Key variables traders should monitor include labour market deterioration, yield curve dynamics, and credit conditions through 2025 and into early 2026. The Federal Reserve's policy trajectory—particularly whether rate cuts continue or pause—will influence borrowing costs and business investment. Manufacturing and services PMI readings, jobless claims trends, and corporate earnings revisions will signal economic momentum. Any sharp financial stress, geopolitical shock, or policy disruption in the months before the Q4 2026 data release could shift the probability materially, though the current order book suggests the crowd expects continued expansion.
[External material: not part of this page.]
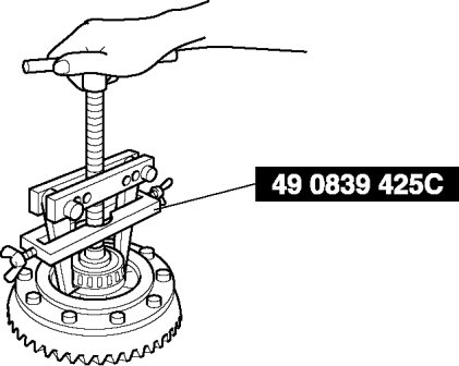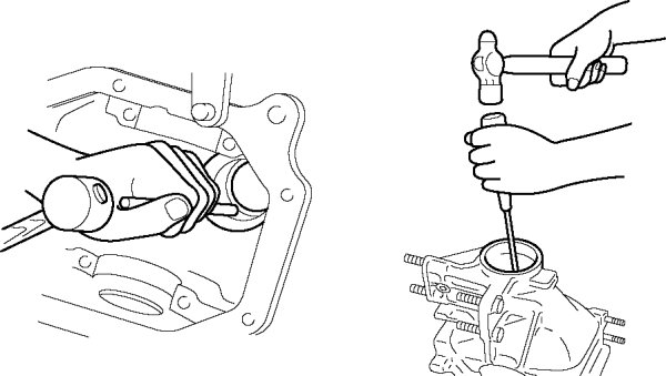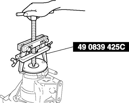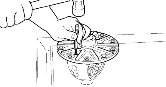 - The drive pinion could be damaged if it falls off. Support the drive pinion with your hand when removing the rear bearing.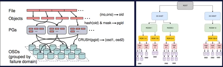 企业级IT场景下,数据分布算法包括Dynamo、Ceph的CRUSH、Gluster的Elastic Hashing以及Swift的Ring等。这些算法都有相似的特点,首先它们都是基于/借鉴一致性哈希,增加/减少节点时数据迁移量小。其次,引入对数据中心物理拓扑的建模(Cluster Map),数据多副本 / EC分片跨故障域 / 可用区分布。另外,这些算法还可以对节点划分权重,数据分布和容量/性能匹配,辅助扩容。

Resolution is handled by the UMA optimistic oracle on Polygon. A proposer submits the outcome, a two-hour dispute window opens, and if no one stakes a counter-claim the payout is final. Contested outcomes escalate to UMA token-holder voting. Payouts clear in USDC to the winning side.
The mechanics for trading "Negative GDP growth in 2026?" are the same as any other PolyGram event contract. Each YES share resolves to $1 if the event happens, or $0 if it doesn't. The current price between 0¢ and 100¢ is the market's probability estimate, set live by the order book.
$26K in lifetime turnover and $1K of resting liquidity puts this market in the around the median by volume for economy contracts on PolyGram. Order-book depth is thin — large orders may need to be split across the book or executed as limit orders.
The market has been open for 6 months — the price has had time to stabilise as new information arrived.
Higher-volume markets tend to have tighter spreads and faster price discovery — meaning the displayed YES/NO percentages are more likely to reflect the true crowd-implied probability rather than a single trader's directional view.
As of today, traders on Polymarket price this outcome at 4%. The number updates continuously as the order book clears. PolyGram mirrors the same live odds with locale-aware formatting and USDC settlement.
Resolution is handled by the UMA optimistic oracle on Polygon. A proposer submits the outcome, a 2-hour dispute window opens, and if uncontested the payout is final. Contested outcomes escalate to UMA token holders.
This prediction market is scheduled to close on 29 January 2027. After the resolving event occurs, settlement typically clears within 24 hours once the UMA optimistic oracle confirms the outcome. All payouts are in USDC on the Polygon network.
To trade on this prediction market, create a free PolyGram account at polygram.ink, deposit USDC via Polygon, and place a YES or NO order on the outcome you believe in. You can learn more on our how-it-works page. Your maximum loss is limited to your stake — there is no leverage or margin.
When the outcome is determined, winning YES shares pay out $1.00 each in USDC, while losing shares pay $0. Settlement is handled by the UMA optimistic oracle on Polygon — a proposer submits the result, a two-hour dispute window opens, and if uncontested, payouts are distributed automatically. You can withdraw your winnings to any Polygon wallet.
Prediction-market positions can lose 100% of staked capital. Outcomes are uncertain by definition — historical accuracy of crowd-implied probabilities is high in aggregate but not for any single market. PolyGram does not provide investment advice. Trade only with capital you can afford to lose.
Regulatory status varies by jurisdiction. Germany, the United States, and most EU countries treat Polymarket-style event contracts under one of three frameworks: financial derivative, gambling product, or unregulated novel asset. Consult local counsel before trading.